Culture · Education · YOLO

What Every Teacher Needs to Hear About Students Who “Just Don’t Get It”

Teacher, “I have your tests graded”

My heart sinks. I start getting consumed with the worry of crying in front of my peers because I know I will never be as smart or valuable in their eyes.

Teacher, “I was really impressed by how you guys did. Your class had a few low scores but most of you did well and scored high.”

I know those words all too well. Everyone else in the room did great but I am the one who got the low score. I stayed up late studying and nothing I do to prepare for the test well help me get a passing grade.

The teacher proceeds to pass out the tests. Students start shouting out the following, “YES! 95%! I didn’t even study!”

I finally get the courage to turn my test over to look at my test grade. My heart sinks to a place that it hadn’t been today yet. All of the words that others have told me come to my head, “You’re so stupid, you’re not value is nothing, you should try harder…” I got a 40% on that test. If I am not book smart, then what am I? I won’t have any tribute to society, I know that; only the smart people do.

I look at that worthless piece of paper and want to run out of the room and cry. I dream of tearing up the piece of paper and wish it had never existed; that I had never put any answers on it because I am always wrong. At that moment I want a hug and I want my mom. The test is filled with red ink. I hate the color red because it is a reminder of how stupid I truly am. The teacher puts a note on the bottom of the page saying, “See me after class.”

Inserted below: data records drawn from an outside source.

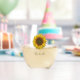 Boho floral Yellow Sunflower bloom stemless wine glass, with customizable script typography. Enjoy this personalized accessory item for yourself or as a gift for someone special.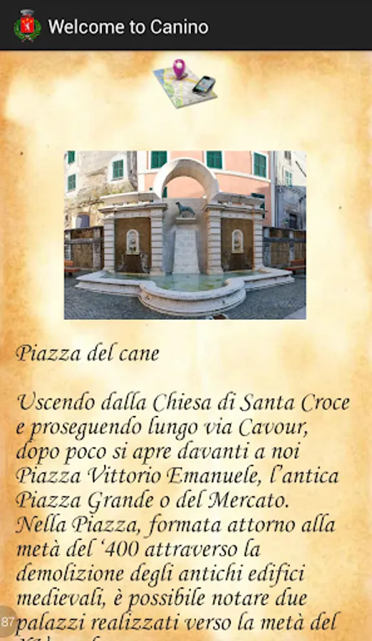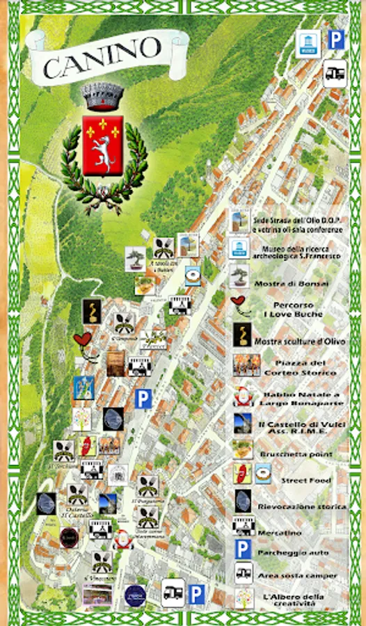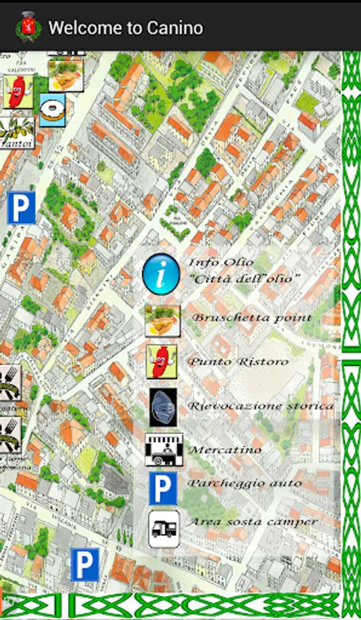The App will interface with existing sites developed by the City of Canino (eg. Website of the Municipality), with Facebook and external links and offers: on / off line maps, routes with points of interest, toast notifications, calendar of events Municipality, the list of hotels and accommodation facilities such as restaurants and bars cantinoni, links to the mills and directions to get there and move to and from Fang, the useful services (phone numbers, schedules pharmacies etc.), please contact the company thanks to the connections institutional sites in the country.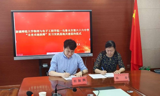 为强化物理学专业实践教学环节,全面提升人才培养质量,拓宽学生职业发展路径,7月3日,物理与电子工程学院学术院长程振洲、物理系主任帕尔哈提江·吐尔孙一行赴乌鲁木齐市第六十六中学进行访企拓岗并举行教育实习实践基地签约仪式。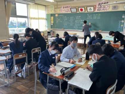 写真上:2年1組 国語 ※課題作文に取り組んでいます。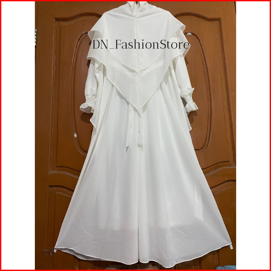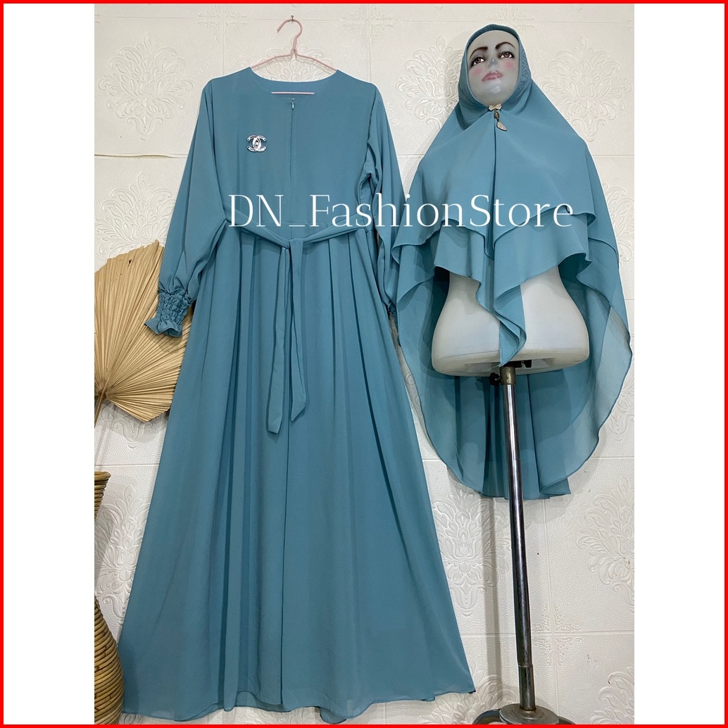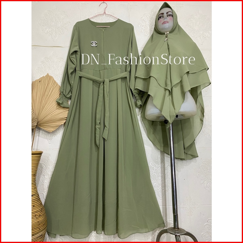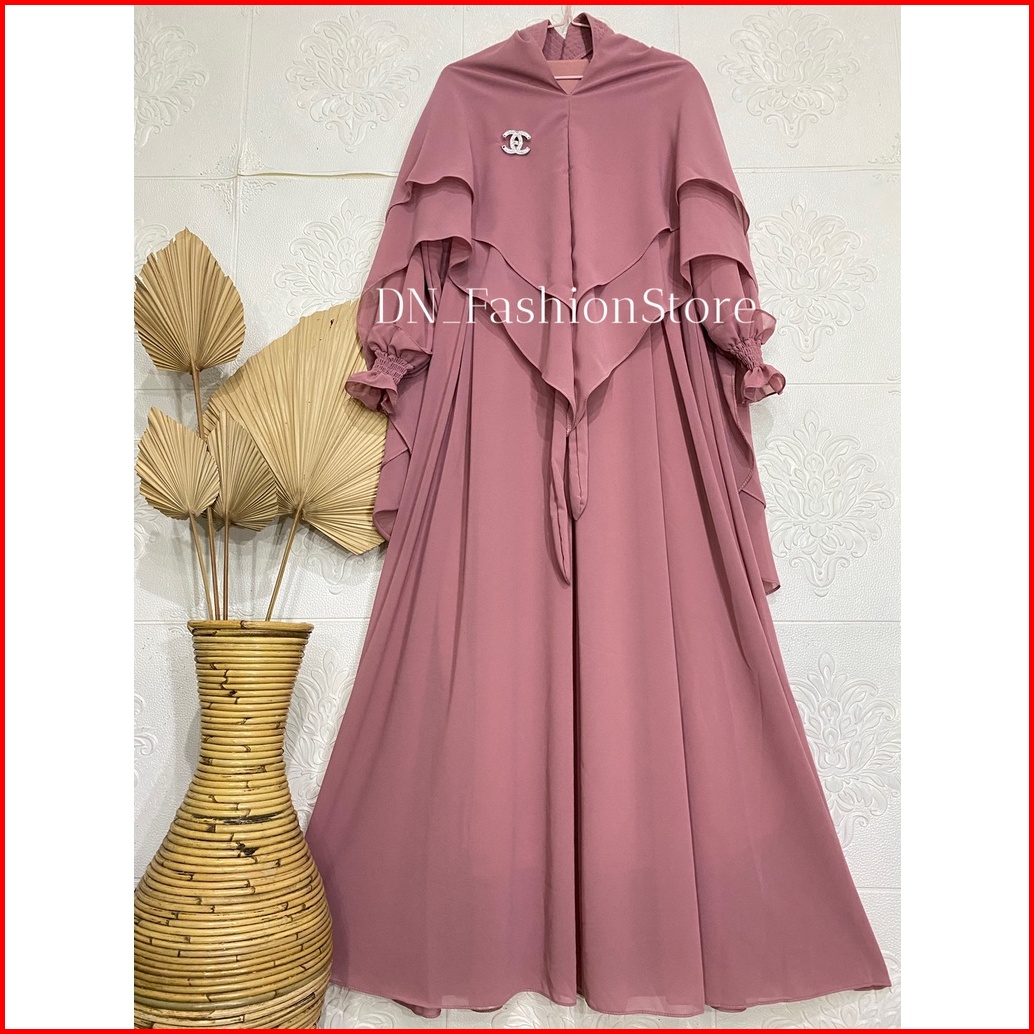 Gamis Ceruty Babydoll Polos Set Jilbab Free Bros Bahu Tangan Karet Busui Friendly

After class I go up to the teacher and say, “You asked to see me.” The teacher asks me if I studied and how I studied. I explain that I studied for several hours at home and during my study halls. I felt confident about it but my confidence lies when it comes to test taking and school work in general.

I go through this cycle several times a week and it is devastating every time. All a dyslexic student wants is to have results that match up with the effort that they put into school. My entire school career has been based off of finding my value based off of test scores and homework papers consumed with red ink. Teachers, whether you have taught me or not, teach in a public school or home school, please recognize that in most to all cases of students who have learning “difficulties” they are not faking it. I can’t tell you the number of times that I have been questioned about my learning disabilities because my scores do not match up with the amount of effort I put in it. At the age of four I started being told to stop “faking” not being able to understand what the teacher was trying to teach me because clearly I was just doing this to get attention. I promise you that students like me don’t try to fail everything they turn in to get attention. They would rather be “normal” than get attention for being the student who “just doesn’t get it.” They are not looking lost in class because they are an actor and are simply practicing on the teacher. Yeah, they may mess around during class but socially it’s better to be the “class clown” than to be the stupid kid.

If you are a teacher, parent, friend, or acquaintance of someone who has a learning disability, I beg you to please show them that they are valuable. That their value is not based on standardized test scores, the ACT, and yesterday’s biology quiz. I have often times hated myself for being the “dumb kid” because I was convinced that was all I was going to be in life. If you are a teacher, please remind your students who struggle academically that there is more to life than getting a passing grade on a test because they are not hearing that message by their peers. Get to know them, ask them what they are passionate about and remind them about it after giving a test back. Encourage them to keep trying and working hard because most likely they are the ones who prepared the longest for the test and yet received the lowest grade.

In the words of a dyslexic scientist…

“Everybody is a genius, but if you judge a fish by its ability to climb a tree it will spend its whole life believing that it is stupid.” ~ Einstein.